In September 2014, Robison opened Alamo Icehouse in San Antonio, Texas, with former Major League Baseball player Brooks Kieschnick.

On September 24, 2018, Robison announced that due to complications from surgery, he was permanently unable to sing, and that he was officially retiring from stage and studio. Robison resumed his music career in 2022. He returned to Billy Bob's as part of his first tour since 2018, playing at the same venue where he first played in 1999.

==Personal life and death==
Robison's brother, Bruce Robison, and his sister, Robyn Ludwick, are also singer-songwriters.

Robison married Emily Erwin of the Dixie Chicks at the Cibolo Creek Ranch in May 1999, with whom he had three children. The couple divorced in August 2008. He and his second wife had a son in February 2020.
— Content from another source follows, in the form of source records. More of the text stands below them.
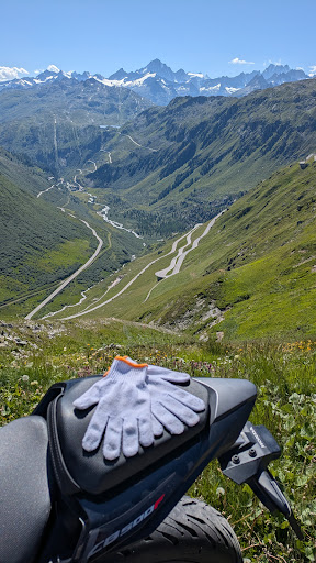 Ordered a hot chocolate as it was really cold on the motorcycle and quite rainy/snowy. I asked the waiter if he knows a place to buy some gloves that I can wear under my normal ones. The dude asked around the staff and returned with a pair of brand new gardening gloves. I wanted to buy it, but he refused. You my man, are my hero. Gloves are coming in clutch on all the passes I climb....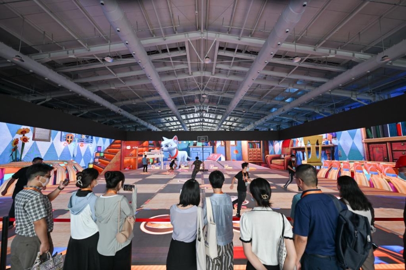 8月29日,人們在服貿(mào)會首鋼園區(qū)的電信、計(jì)算機(jī)和信息服務(wù)展館內(nèi)觀看沉浸式交互應(yīng)用。新華社記者 李鑫 攝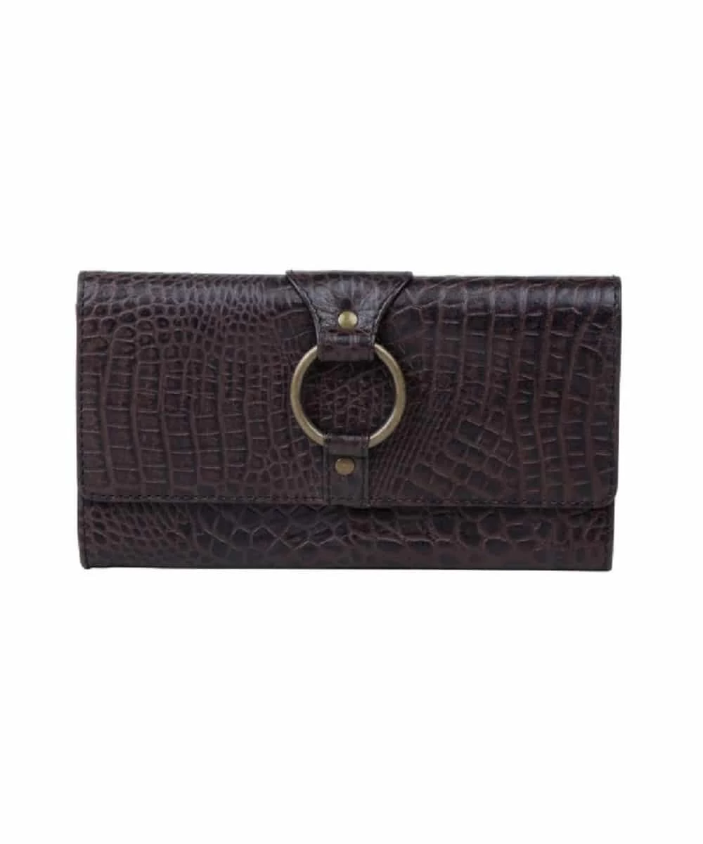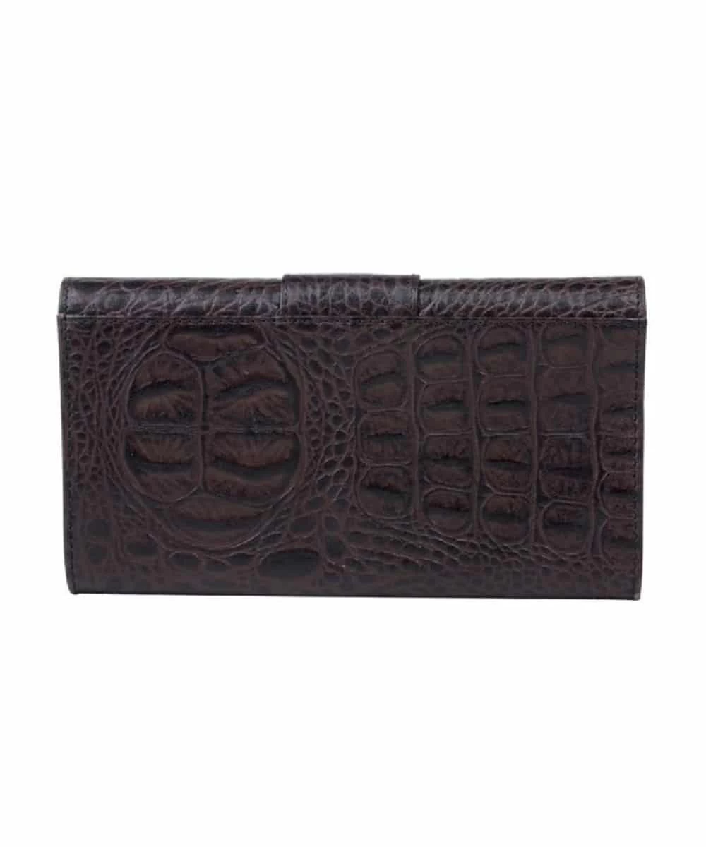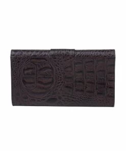 Leather Construction; Embossed Croc Print Design; Magnetic Flap Closure With Brass Ring Accent; Single Interior Zip Pocket; Multiple Card Slots; Cash Compartment; Color: Black/Burgundy; Measures Approximately: 7 1/2″ W X 4″ H; Style #S-4925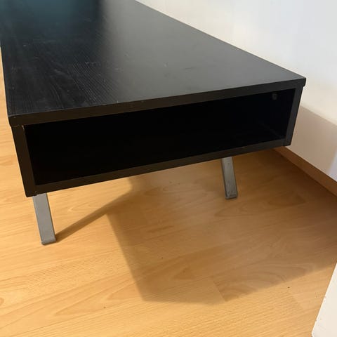 Muuten hyväkuntoinen tv-taso, mutta puisessa sisätasossa käytön jälkiä.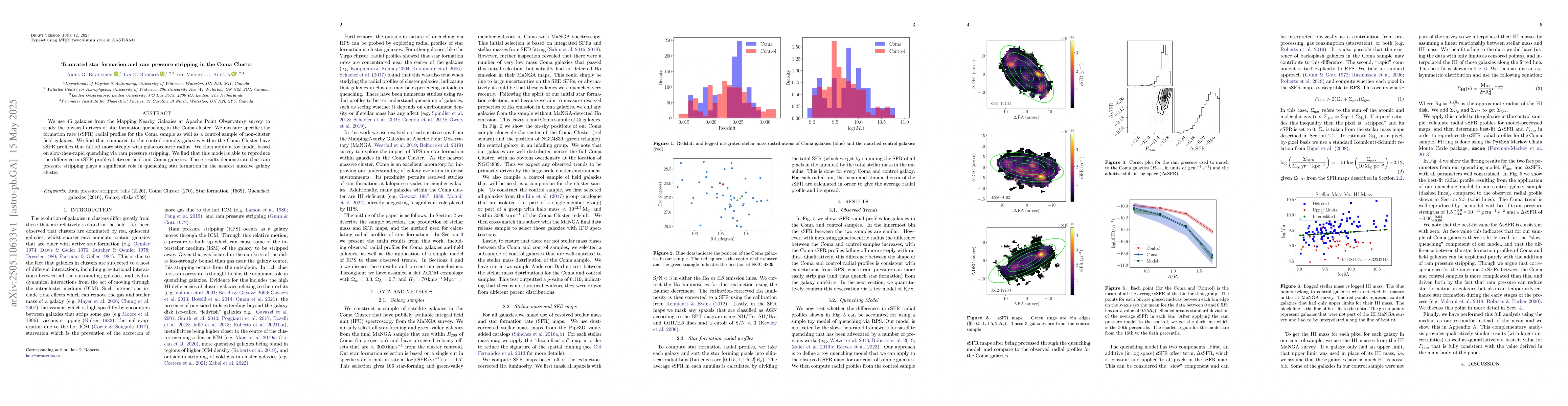 The Coma Cluster's galaxies show steeper star formation rate decline with distance from the center compared to non-cluster galaxies, suggesting ram pressure stripping plays a key role in quenching star formation.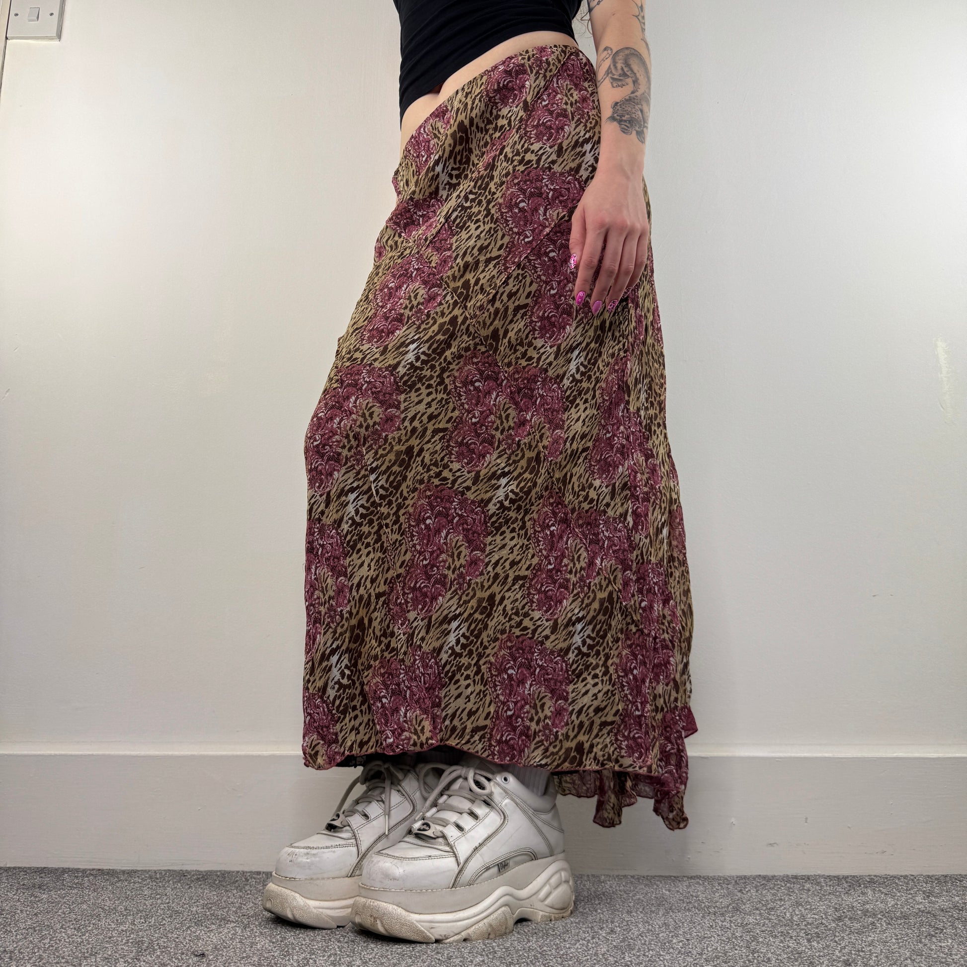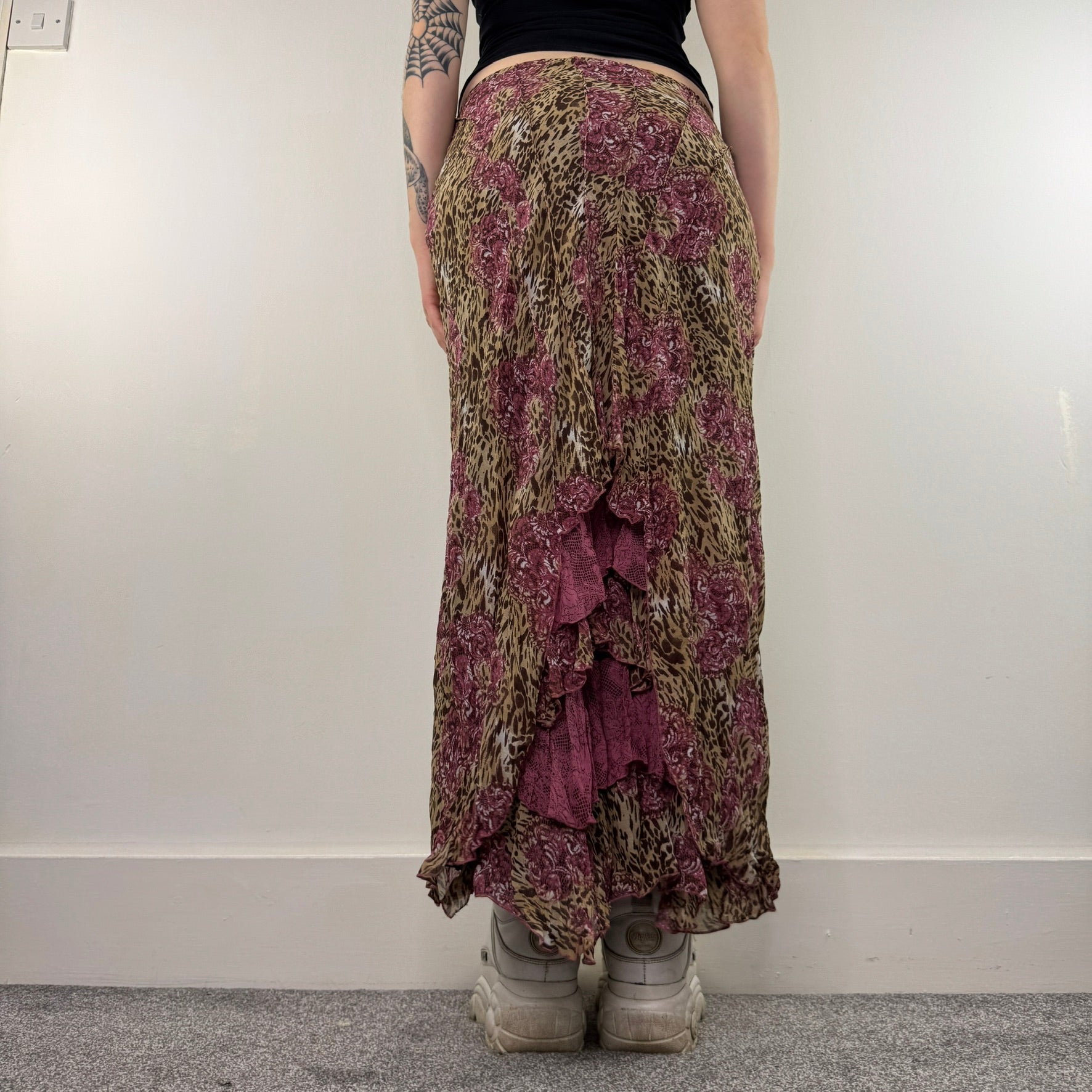 Elastic waistband, leopard print with floral lace design, tiered ruffle back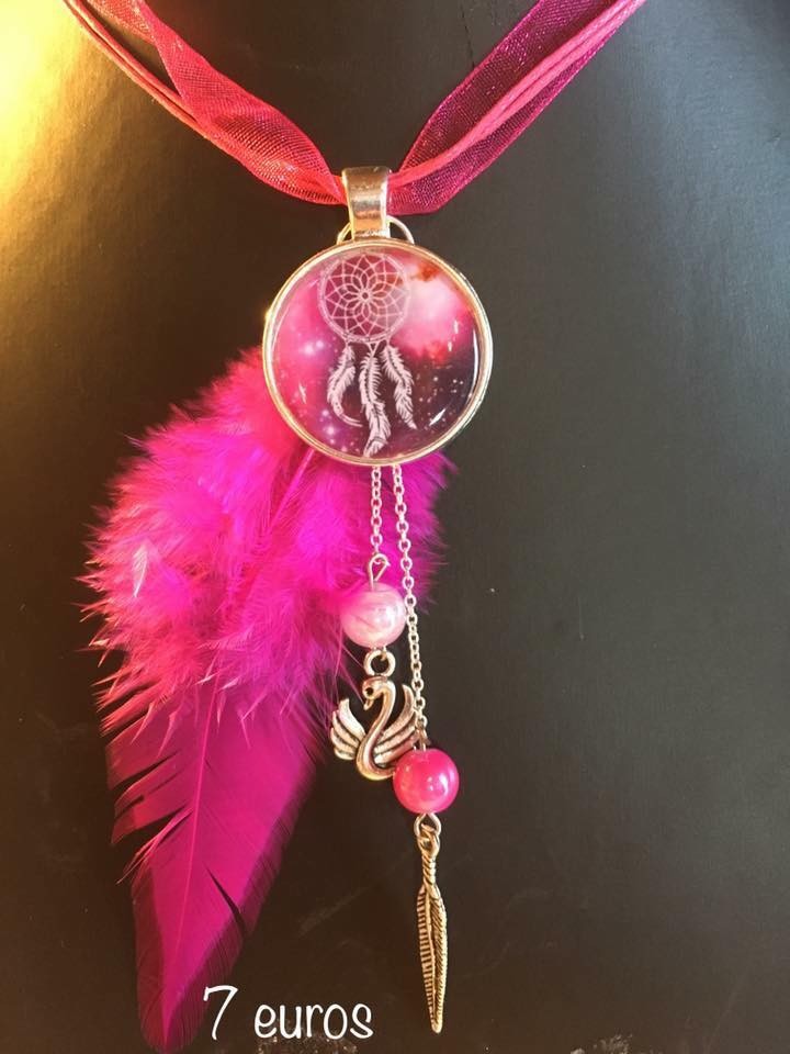Collier rose fuschia attrape reve
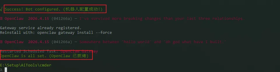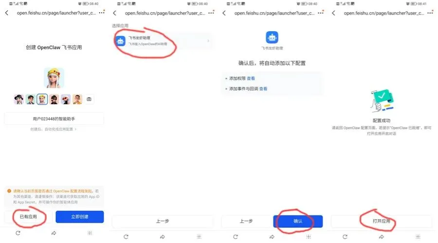 Step3:这里我按提示选择上面已经创建好的机器人应用,并确认授权,完成操作后会提示机器人配置成功,这样把飞书接入到OpenClaw就完成了。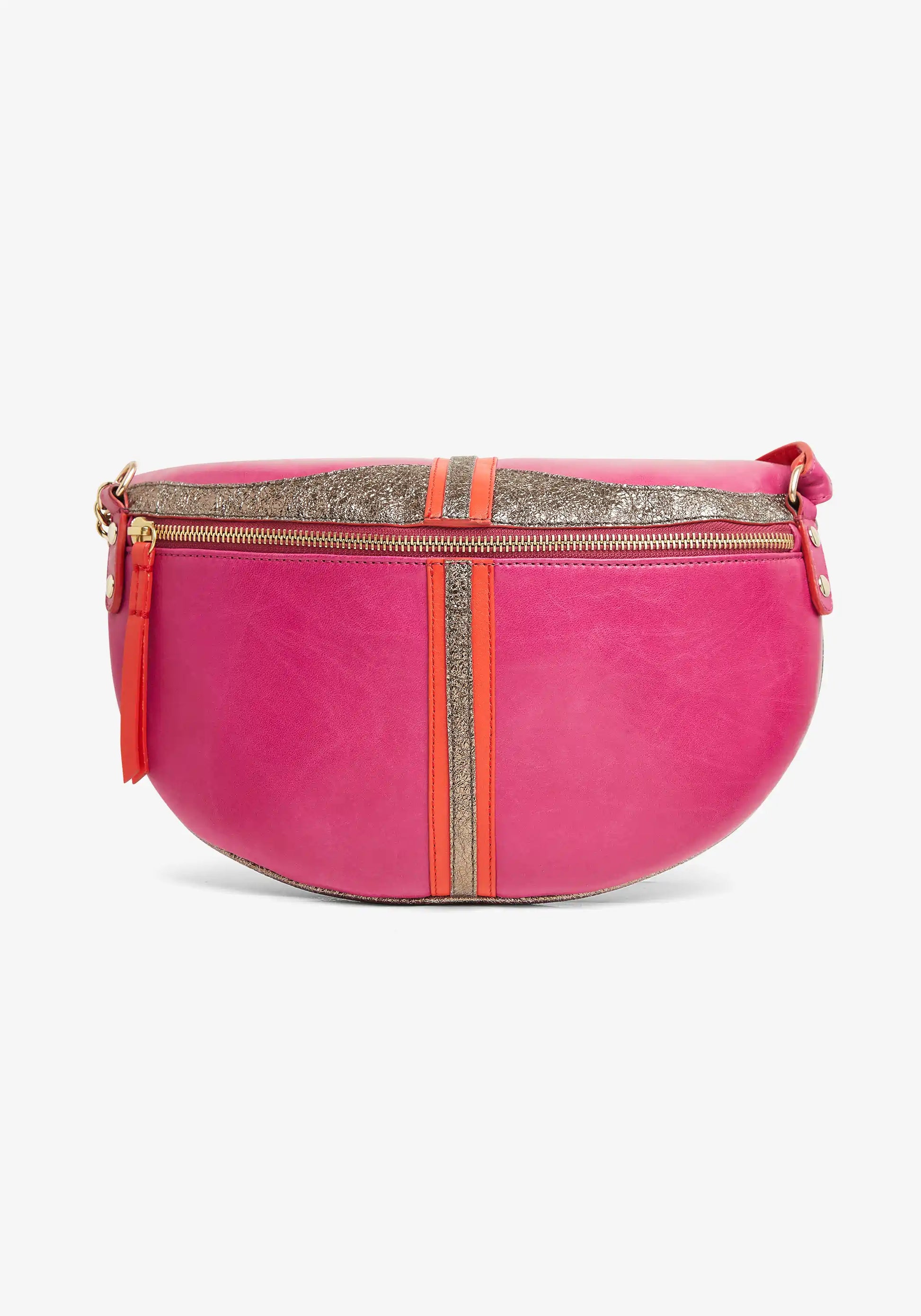 - Banane en cuir agneau brillant fuchsia, métallique bronze et en cuir de vachette rouge vermillon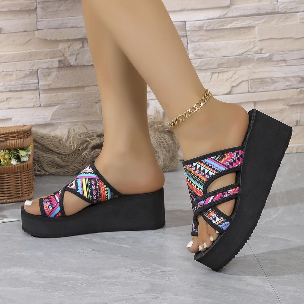 2024 Sommer neue Übergröße Mode Keilabsatz Zehenbedeckt coole Hausschuhe rutschfest verschleißfest weiche Sohle Strandhausschuhe Damen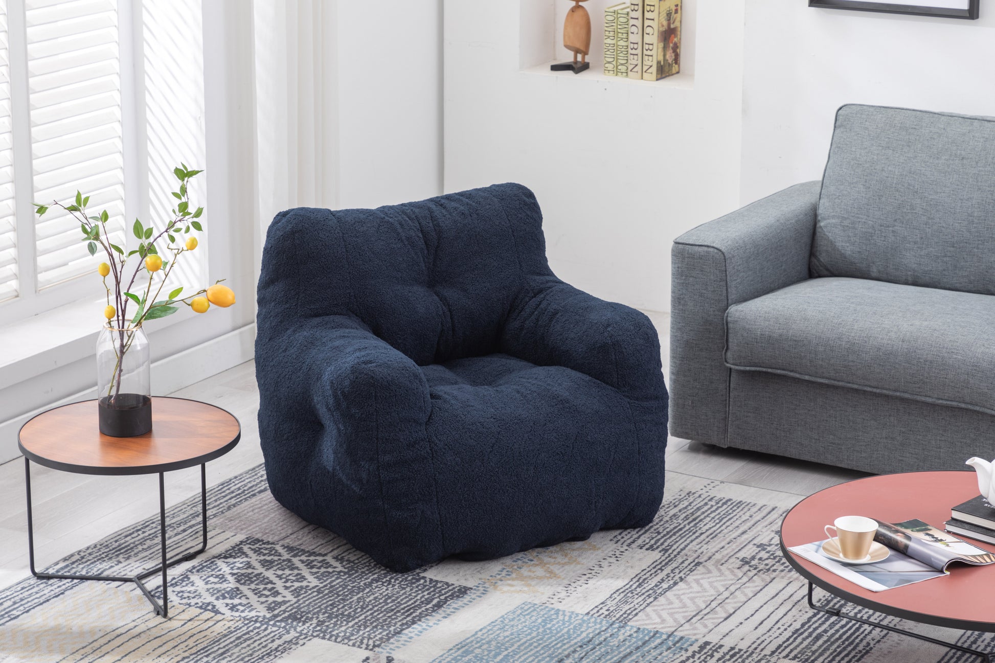 010-Soft Teddy Fabric Tufted Foam Bean Bag Chair With Teddy Fabric Dark Blue

Robison died after suffering from cardiac arrest and other complications at a San Antonio, Texas, hospital on September 10, 2023, at the age of 59.

==Discography==
===Albums===

| Title | Album details | Peak chart positions |  |
| US Country | US Heat |
| Bandera | Release date: August 6, 1996; Label: Viero Records; | — | — |
| Life of the Party | Release date: September 8, 1998; Label: Lucky Dog; | 71 | — |
| Unleashed Live (with Jack Ingram and Bruce Robison) | Release date: September 26, 2000; Label: Lucky Dog; | — | — |
| Step Right Up | Release date: April 10, 2001; Label: Columbia Records; | 27 | 23 |
| Live | Release date: May 6, 2003; Label: Columbia Records; | 51 | — |
| Good Times | Release date: September 21, 2004; Label: Dualtone Records; | 52 | — |
| Beautiful Day | Release date: June 23, 2009; Label: Dualtone Records; | 33 | 25 |
| Live at Billy Bob's Texas | Release date: June 4, 2013; Label: Smith Music Group; | 63 | 33 |
| High Life | Release date: October 1, 2013; Label: Jetwell Records; | 48 | 25 |
"—" denotes releases that did not chart

===Singles===

Year: Single; Peak positions; Album
US Country
1999: "Barlight"; 60; Life of the Party
2000: "My Hometown"; 65
"Poor Man's Son": 67
2001: "I Want You Bad"; 35; Step Right Up
"Right Man for the Job": —
2003: "Walter"; 58; Live
2004: "El Cerrito Place"; —; Good Times
2005: "Photograph"; —
2006: "Wild Man from Borneo"; —; Why the Hell Not: The Songs of Kinky Friedman
2009: "Reconsider"; —; Beautiful Day
"Down Again": —
2010: "Feelin' Good"; —
"—" denotes releases that did not chart

===Music videos===

| Year | Video | Director |
| 1998 | "Barlight" | Adrian Pasdar |
| 1999 | "My Hometown" |
| 2000 | "Poor Man's Son" | Adam Little |
| 2001 | "I Want You Bad" | Trey Fanjoy |
"Right Man for the Job"
| 2004 | "El Cerrito Place" | Adrian Pasdar |
| 2005 | "Photograph" |

==Tributes==
He appeared on Kindred Spirits: A tribute to Johnny Cash, singing "Don't Take Your Guns to Town".

In 2006, Charlie Robison performed "Wildman from Borneo" on the Kinky Friedman tribute "Why the hell not..." The songs of Kinky Friedman.